To legally reduce those geopolitical trends indirectly expected by military superpowers when they adopt an expedition to «save lives», among prerequisites sine qua non, the UN Security Council should better apply the principle of equal treatment granted by the provisions of articles 2 and 3 of the Charter of United Nations. According to these articles, on one hand the Purposes of the United Nations are:

a. To maintain international peace and security, and to that end:

b. to take effective collective measures for the prevention and removal of threats to the peace, and

c. for the suppression of acts of aggression or other breaches of the peace, and

d. to bring about by peaceful means, and in conformity with the principles of justice and international law, adjustment or settlement of international disputes or situations which might lead to a breach of the peace;

e. to develop friendly relations among nations based on respect for the principle of equal rights and self-determination of peoples, and

f. to take other appropriate measures to strengthen universal peace; to achieve international co-operation in solving international problems of an economic, social, cultural, or humanitarian character, and in promoting and encouraging respect for human rights and for fundamental freedoms for all without distinction as to race, sex, language, or religion; and to be a centre for harmonizing the actions of nations in the attainment of these common ends.

On the other hand, the Organization and its Members, in pursuit of the Purposes stated in Article 1, shall act in accordance with the following Principles:

a. the Organization is based on the principle of the sovereign equality of all its Members;

b. all Members, in order to ensure to all of them the rights and benefits resulting from membership, shall fulfill in good faith the obligations assumed by them in accordance with the present Charter;

c. all Members shall settle their international disputes by peaceful means in such a manner that international peace and security, and justice, are not endangered;

d. all Members shall refrain in their international relations from the threat or use of force against the territorial integrity or political independence of any state, or in any other manner inconsistent with the Purposes of the United Nations;

e. all Members shall give the United Nations every assistance in any action it takes in accordance with the present Charter, and shall refrain from giving assistance to any state against which the United Nations is taking preventive or enforcement action;

f. the Organization shall ensure that states which are not Members of the United Nations act in accordance with these Principles so far as may be necessary for the maintenance of international peace and security;

g. and nothing contained in the present Charter shall authorize the United Nations to intervene in matters which are essentially within the domestic jurisdiction of any state or shall require the Members to submit such matters to settlement under the present Charter.248(*)

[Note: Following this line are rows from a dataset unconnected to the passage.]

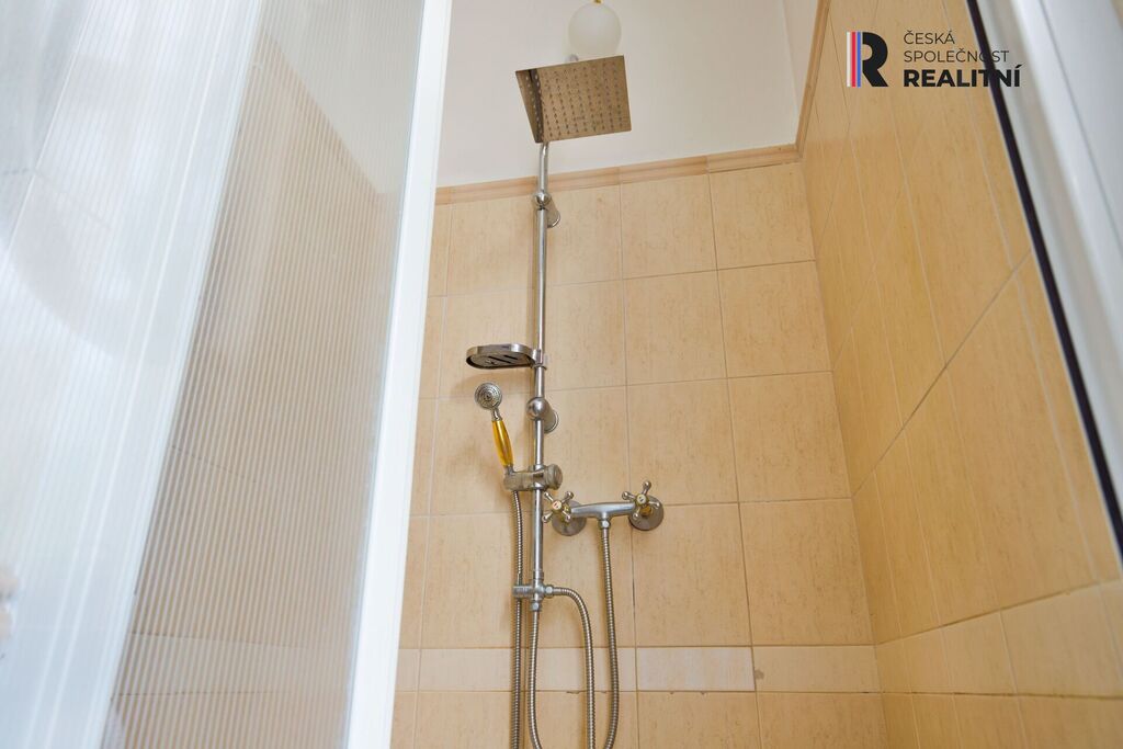 Dále sprcha, sociální zařízení (pisoár a WC), společenská místnost 20m2 se vstupem na zahradu či po nově vybudovaném dřevěném schodišti do prostorné bytové jednotky 2+1, s koupelnou s vanou, sprchou a odděleným WC.
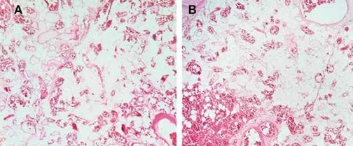 Figura Nº7 . (H y E, 10 y 40x) Fotomicrografía panorámica (A) y acercamiento (B) observándose tejido adiposo maduro vascularizado.
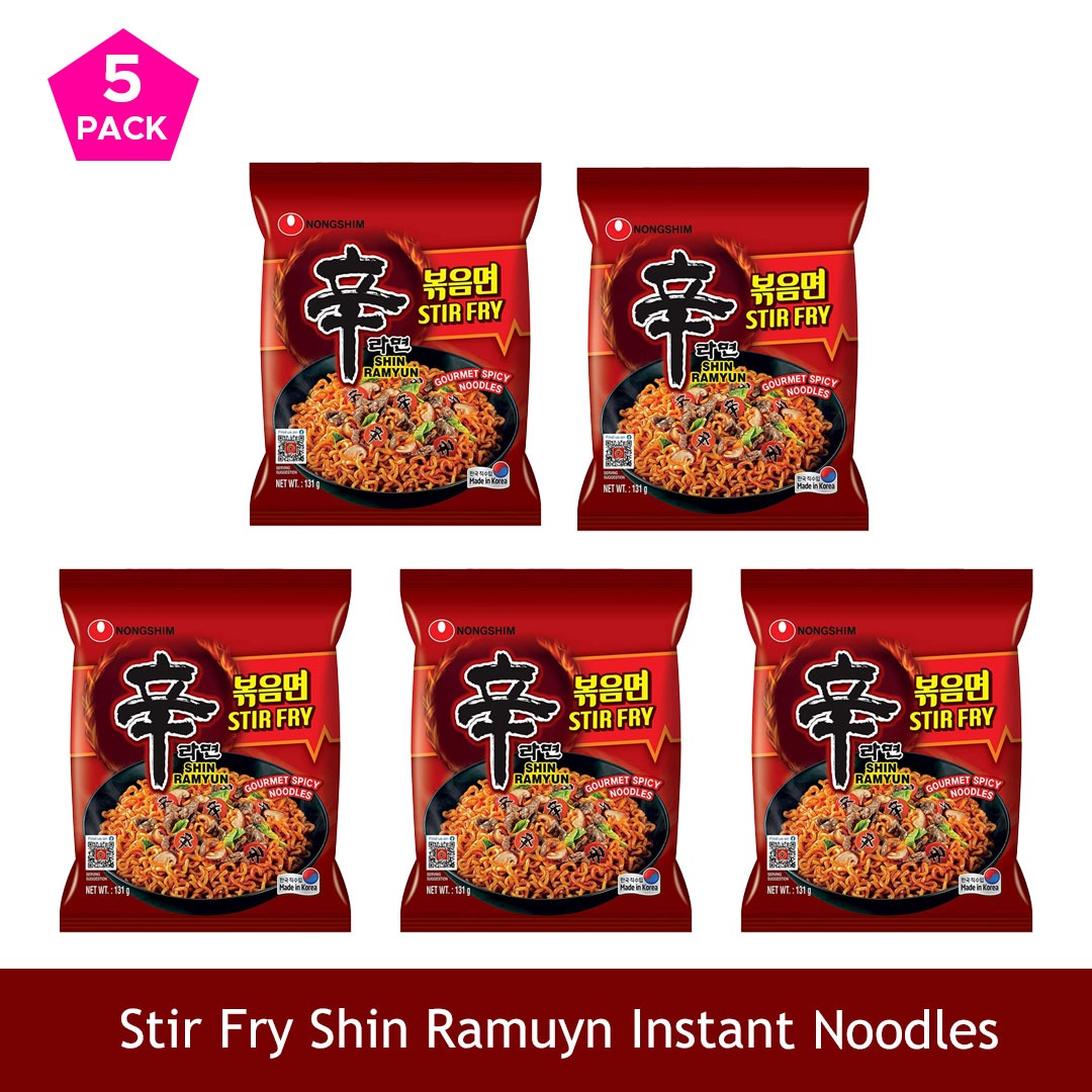 - Nongshim’s Shin Ramyun Stir Fry gourmet spicy instant noodles, This pack contains 5 (Five) single serve pack each of 131 g.
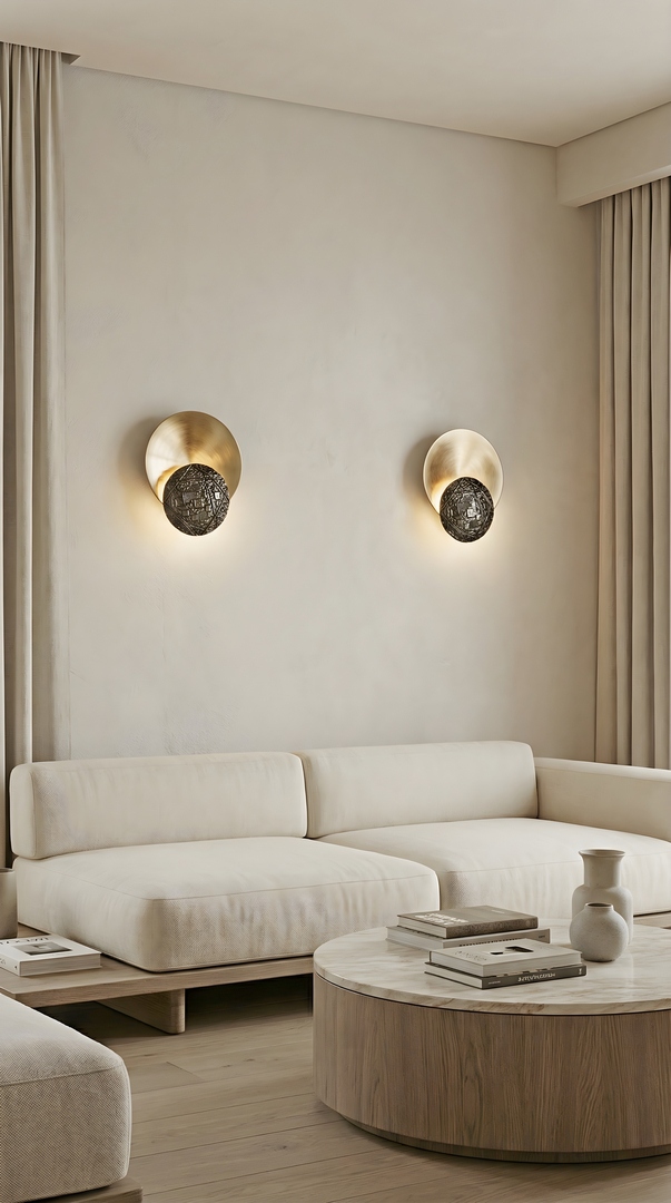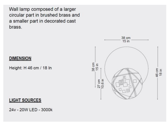 Настенный светильник состоит из большей круглой части из матовой латуни и меньшей части из декорированной литой латуни.

* 244Achcar, G., op. cit., p. 81.

* 245 C. Portela, Humanitarian Intervention, NATO and the International Law. Can the Institution of Humanitarian Intervention justify Unauthorized Action?, Berlin Information Center for Transatlantic Security, Berlin, 2012, p. ii.

* 246 J. Foster, « Afghanistan, The TAPI Pipeline, and Energy Politics », Journal of Energy Security, 23 mars 2013.

* 247 David S. Yost, NATO Tansformed. The Alliance's New Roles in International Security, United States Institute of Peace, Washington DC, 1998, p. 189.

* 248 Articles 1 and 2 of the Charter of United Nations and ICJ Statute of 26 June 1998.